Henry Peterson, son of the IB’s first Director General, tells Hayley Kirton about his memories of his father, Alec
If you were to ask somebody at an IB Global Centre who Alec Peterson was, they might tell you that he was one of the IB’s founders, its first Director General or one of the greatest modern-day champions of education reform. To Henry Peterson, Alec was known simply as Dad.
“He was an older father than many,” Henry recalls, as he sits at his desk – the same desk his father had in his own office and would spend days hunched over, tirelessly writing letters to obtain funding for the IB. “By the time I was born, he was 42 and had returned to England after a long period in India and Sri Lanka during the Second World War.”
Although Alec began his work in education in 1932, Henry believes his father’s time in the military shaped one of the IB’s fundamental principles. “It made international-mindedness very important to him,” says Henry. “For him, it had a lot to do with maintaining peace between nations.”
In 1958, Alec became the Director of the Department of Educational Studies at Oxford University. While there, he published a report criticizing the over-specialization of pre-university education. Alec was particularly opposed to the split between humanities and sciences.
Although Alec’s report was based on research by the Calouste Gulbenkian Foundation, a Portuguese charity, Henry thinks his father’s own experiences may also have been responsible for his strong views. “He felt his own education as a classicist had left him well-equipped to think about things like moral philosophy,” says Henry. “But it also left him under-prepared to combine this with the benefits of scientific method and analysis.”
Alec’s eagerness to avoid specialization had an impact on his children’s education too. Henry remembers being disappointed that he couldn’t study both history and zoology; his secondary school prevented students from mixing humanities and sciences by timetabling these lessons to clash. Alec would not stand for this and insisted that Henry should be allowed to study both. “The whole school timetable had to be restructured as a result,” recalls Henry. “The teacher in charge of the schedule was not happy! But I enjoyed working with those studying sciences as well as those taking humanities subjects. I like to think I was doing a primitive version of the IB.”
Alec would probably appreciate his son’s reflection. Although he was working full-time at Oxford University, Alec’s commitment to international education never dwindled. He frequently travelled during the 1950s and 1960s to meet other like-minded individuals. It was on one such trip to Geneva, Switzerland, that the IB came to life.
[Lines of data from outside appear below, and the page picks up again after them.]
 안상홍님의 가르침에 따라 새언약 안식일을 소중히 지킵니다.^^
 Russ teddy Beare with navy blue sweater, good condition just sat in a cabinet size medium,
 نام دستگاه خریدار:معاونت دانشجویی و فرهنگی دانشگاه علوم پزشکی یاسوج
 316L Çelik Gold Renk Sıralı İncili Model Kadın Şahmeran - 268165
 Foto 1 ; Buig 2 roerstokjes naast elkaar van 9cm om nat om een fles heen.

Outside the Café de Remor, Alec, along with Desmond Cole, Director of the United Nations International School in New York, USA, and Harlan Hanson, Director of the US-based College Board’s Advanced Placement Program, discussed their vision. They agreed that someone was needed to lead their cause full time, and because Alec had a six-month sabbatical from Oxford coming up, he was chosen for the position.
That role would later become Director General of the IB, one that Alec continued to fulfil part time once he returned to Oxford. “I think my dad enjoyed all of his time with the IB, although it was tough for him,” says Henry. “He was 60 by then and the work involved a lot of travelling and fundraising, which can be disheartening when people are saying no or only donating tiny amounts.”
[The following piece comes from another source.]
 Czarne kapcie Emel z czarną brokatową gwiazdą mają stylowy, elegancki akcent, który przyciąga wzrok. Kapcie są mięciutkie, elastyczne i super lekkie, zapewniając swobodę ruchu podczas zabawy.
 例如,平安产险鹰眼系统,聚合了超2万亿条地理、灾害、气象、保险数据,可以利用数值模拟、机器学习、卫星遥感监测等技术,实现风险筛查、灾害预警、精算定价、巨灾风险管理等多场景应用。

Alec retired as Director General in 1977. In later life, he passed his time by enjoying the company of his family. “Probably my fondest memories of my dad are of his last decade, when we spent holidays with him and my mother,” says Henry. “His first two grandchildren were on the scene by then – something which pleased him very much.”
Alec passed away in 1988 but his legacy is clear in the Peterson family’s career choices. Henry’s brother and sister both teach and Henry’s daughter Amelia works in international education. Henry himself opted to work in the public sector; recently he has been helping to improve links between local government and the UK’s National Health Service.
“Nobody in my family has ever shown any entrepreneurial streak or gone into business,” Henry says. “So none of us have ever made a lot of money, but we don’t mind. My parents taught us that your working life has to provide a sense that you have done something of use to the wider world. Otherwise work brings no real satisfaction.”
Alec’s legacy is also still strongly felt in the IB community. Peterson House is the home of the IB Assessment Centre in Cardiff, UK, and the biennial Peterson Symposium is held in his honour. Henry thinks Alec might be surprised by this but adds: “He would be very pleased to be seen as a father figure to the IB family.”
Henry himself has glowing praise for today’s IB programmes. “A lot more research and thought seems to go into the preparation of the IB programmes than even some national education systems,” he comments. “Schools and parents across the world need to be made more aware of this.”
But Henry thinks the person who would be the proudest supporter of today’s IB programmes would be Alec himself. “He would be happy that the original ideals have been maintained so strongly.
“Most of all, I think he would be astonished to find that a conversation he had outside a café in Geneva almost 50 years ago has led to the IB as it is today.”